On the other hand, there are some distinct disadvantages to these types of visits. I’ll offer three from my recent experience:
- The importance/seriousness of the appointment time itself — not answering a call because napping, haven’t awakened yet, or in the bath or shower at the time of appointment. Answering but out shopping, driving in a car, or at work in a noisy warehouse. In my experience, phone visits seem to be taken more casually than an office visit where you actually have to show up on time. They also tend to be shorter in duration. Some people don’t seem to feel comfortable talking for long periods of time over the phone — especially about private, health matters.
- Reduction in billing/collectible amounts — in short, phone visits (codes) generate less revenue for the agency/provider. To be feasible in the future phone visits billing rates would have to be on par with office visits.
- Updated demographics — having the most recent telephone/contact number and that of emergency contact (if can’t get in touch with patient after sometimes repeated calls) is imperative. Some people switch cell phone plans/ numbers on a regular basis for one reason or another; it’s not like in the past when landlines were less likely to be changed — even with a move one could usually keep the same number.

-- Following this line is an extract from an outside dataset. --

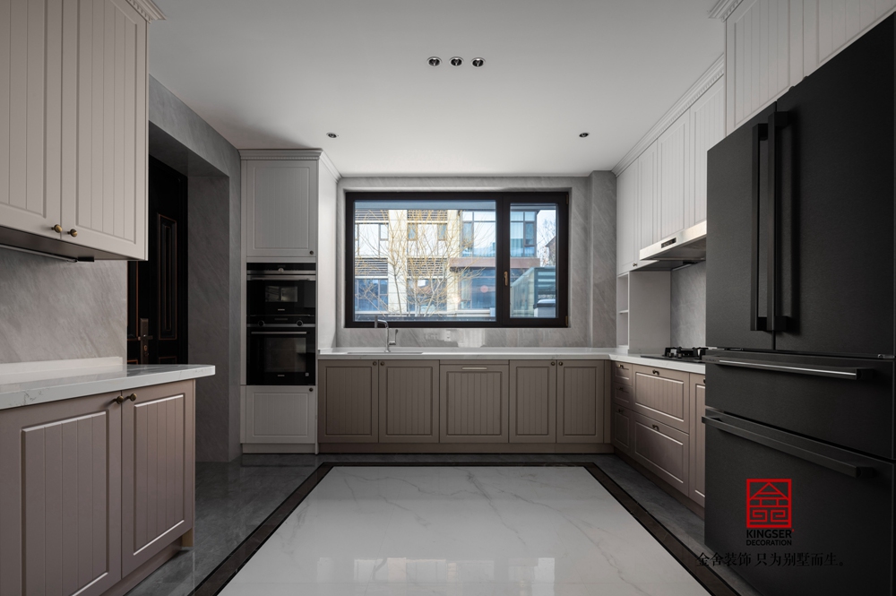 巧妙地融合了餐厅与厨房的空间,创造了一个开放而又不失独立性的餐厨一体化区域。这一设计理念旨在让烹饪与用餐的体验更加流畅,同时也增强了家人与朋友之间的互动。餐厨空间的中心位置,我们精心打造了一个岩板中岛台。中岛台不仅作为厨房的操作台,还充当了餐厅与厨房之间的自然分隔,既保证了两个空间的独立性,又确保了视线的通透与流动。

Telemedicine via encrypted, protected Skype-type software is here to stay. However, this service requires either the patient still come into a dedicated office space with support personnel assisting with the logistics, or requires the patient to have access to a laptop with internet access or a smart phone with video capabilities and/or the ability/capability to navigate both. Going forward, regardless of cited disadvantages, incorporating telephone contact as a continued option offer benefits to both the provider and patient. However, I would recommend for use only for established patients, not new patient assessments/evaluations.